▸ Task instructions
Starting at the line with "A set of 10" and ending at the line with "Unser Haus liegt", print exactly the lines of the entries below. Pictures do not belong in the copy.

▸ Material supplied
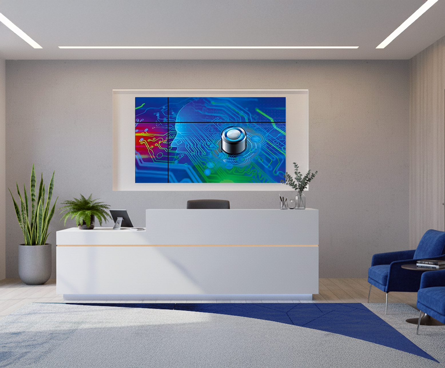 Egy tudatosan megtervezett fal minden térben egyértelműen közvetíti a cég tevékenységét, szakmai felkészültségét és jövőképét, erősítve a vállalati arculatot és az üzleti üzenetet.
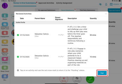 4. At last, click the “Sign and Submit” button to sign off on these activities.
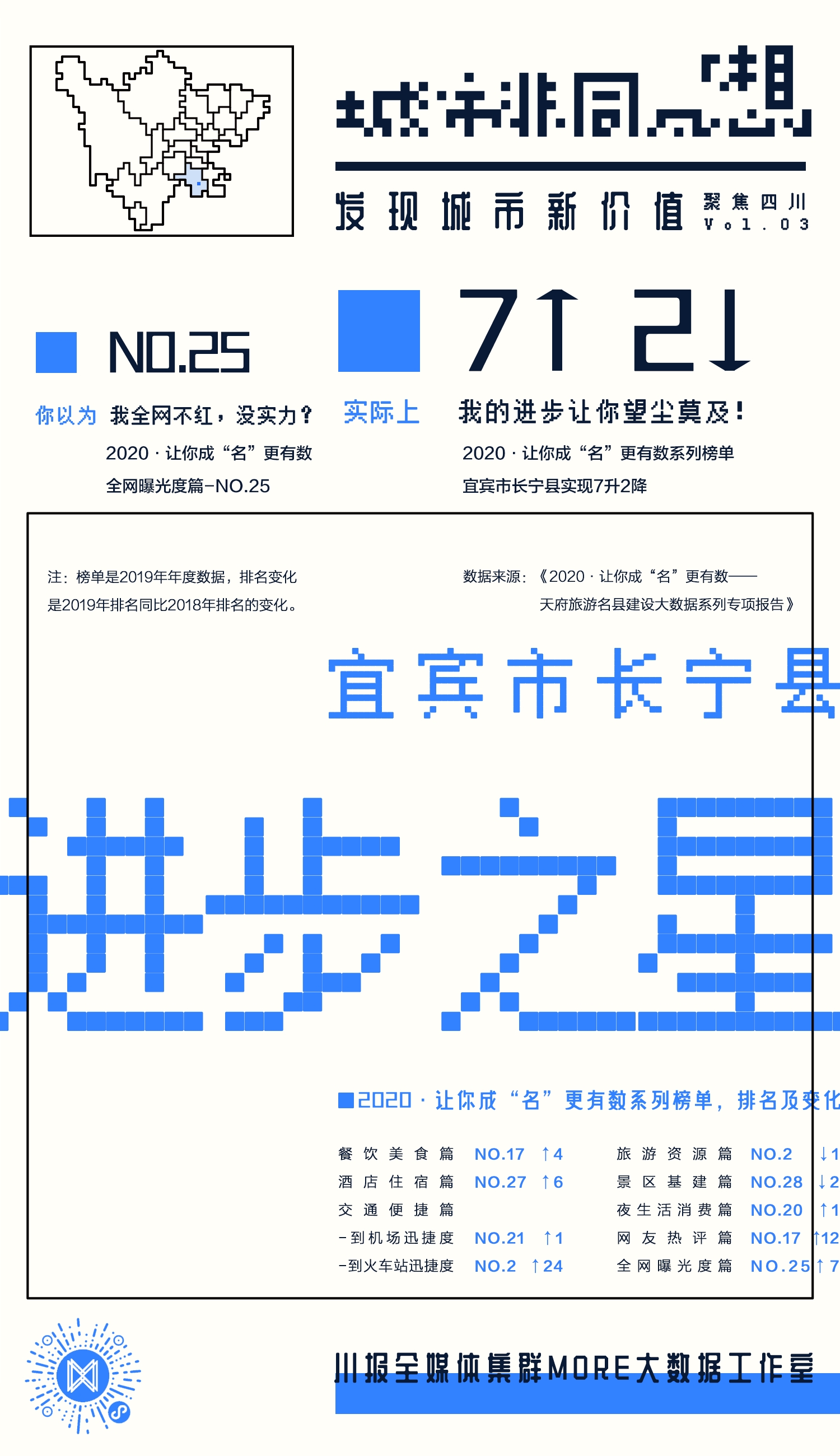 据《2020·让你成“名”更有数——天府旅游名县建设大数据系列专项报告》数据,长宁县2019年在餐饮美食、酒店住宿、交通便捷、夜生活消费、网友热评和全网曝光等7个维度都有不同程度的进步,是名副其实的“进步之星”。尤其是“到火车站迅捷度”和“网友热评度”排名进步较大,排名分别进步了24名和12名。
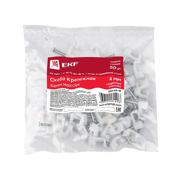 Скоба крепежная квадратная плоская 4мм (уп.50шт) EKF plcn-ss-4
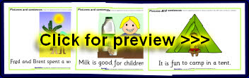 A set of 10 printable pairs of cards showing pictures and accompanying sentences (as outlined in the DfES ‘Letters and Sounds’ publication). Ideal for use as a matching activity where children match the picture card to the relevant sentence card.
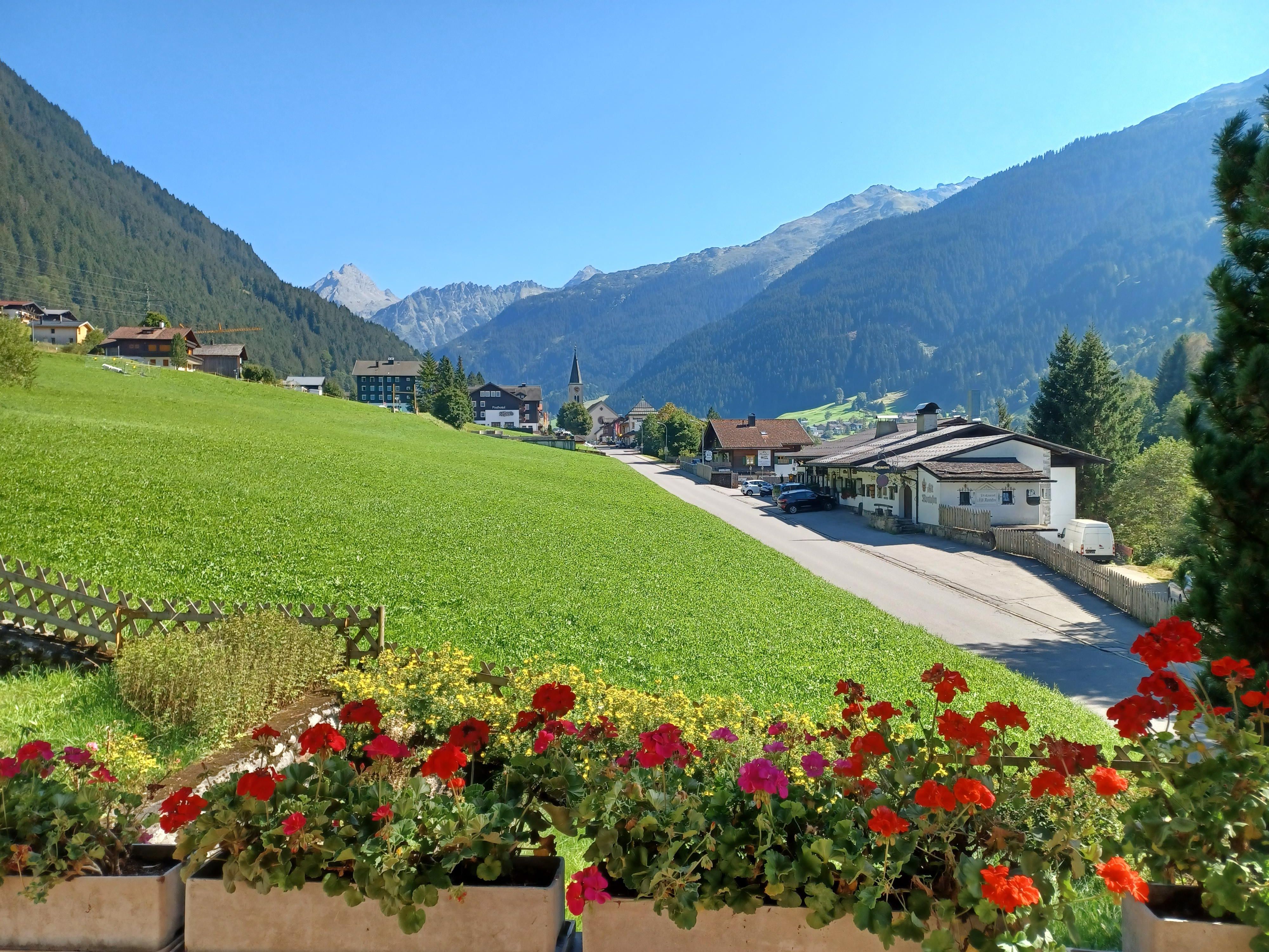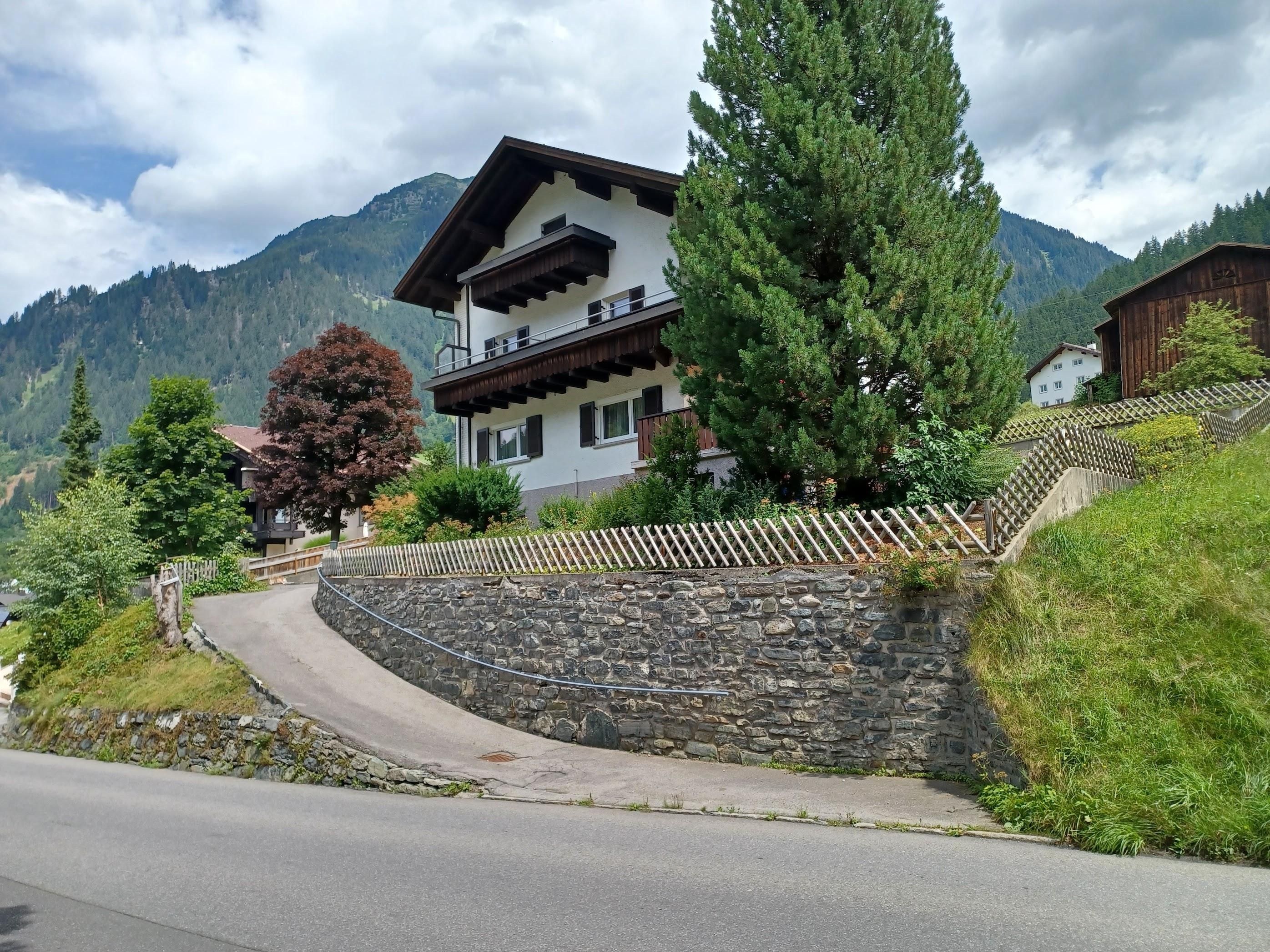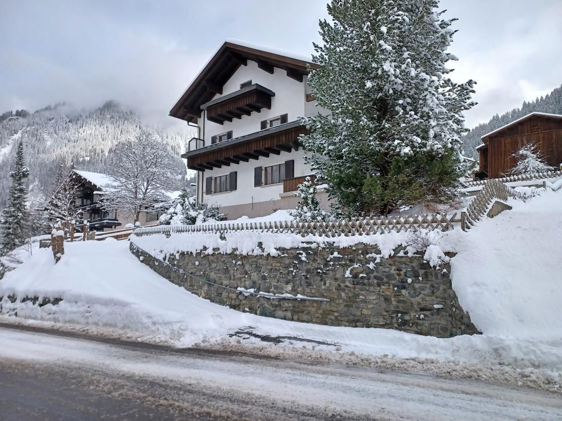 Unser Haus liegt direkt an der Dorfstraße von Gaschurn mit herrlichem Blick auf die beeindruckenden Berge.
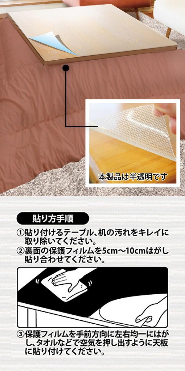 | こたつの天板をキズや汚れから守ります。カッターやはさみで簡単にカットできますので、天板のサイズや形に合わせて貼ることができます。汚れも、サッとひと拭きするだけでキレイになります。 |
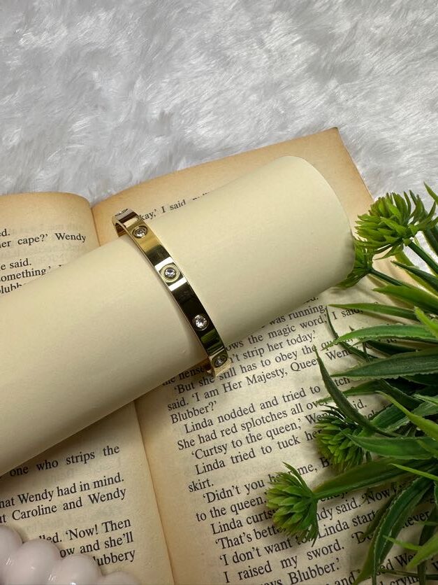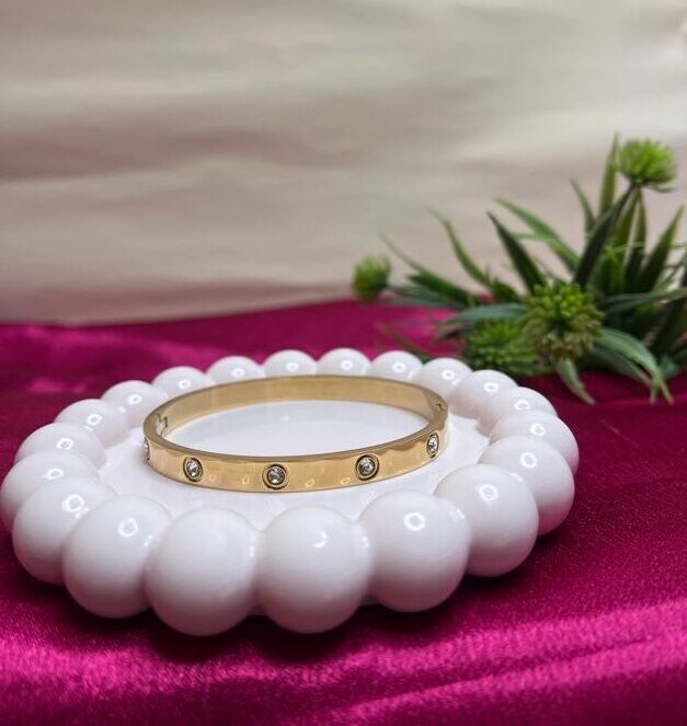 this is the Treading and Timeless, iconic, and also effortlessly chic—this gold bangle is a must-have for every jewellery lover’s collection. Inspired by the concept of everlasting beauty, it features a sleek, polished band punctuated by precisely set shimmering crystals. The minimalist “screw-head” motif gives it a modern, architectural edge while maintaining a soft, feminine glow.

▸ Your response
 A set of 10 printable pairs of cards showing pictures and accompanying sentences (as outlined in the DfES ‘Letters and Sounds’ publication). Ideal for use as a matching activity where children match the picture card to the relevant sentence card.
 Unser Haus liegt direkt an der Dorfstraße von Gaschurn mit herrlichem Blick auf die beeindruckenden Berge.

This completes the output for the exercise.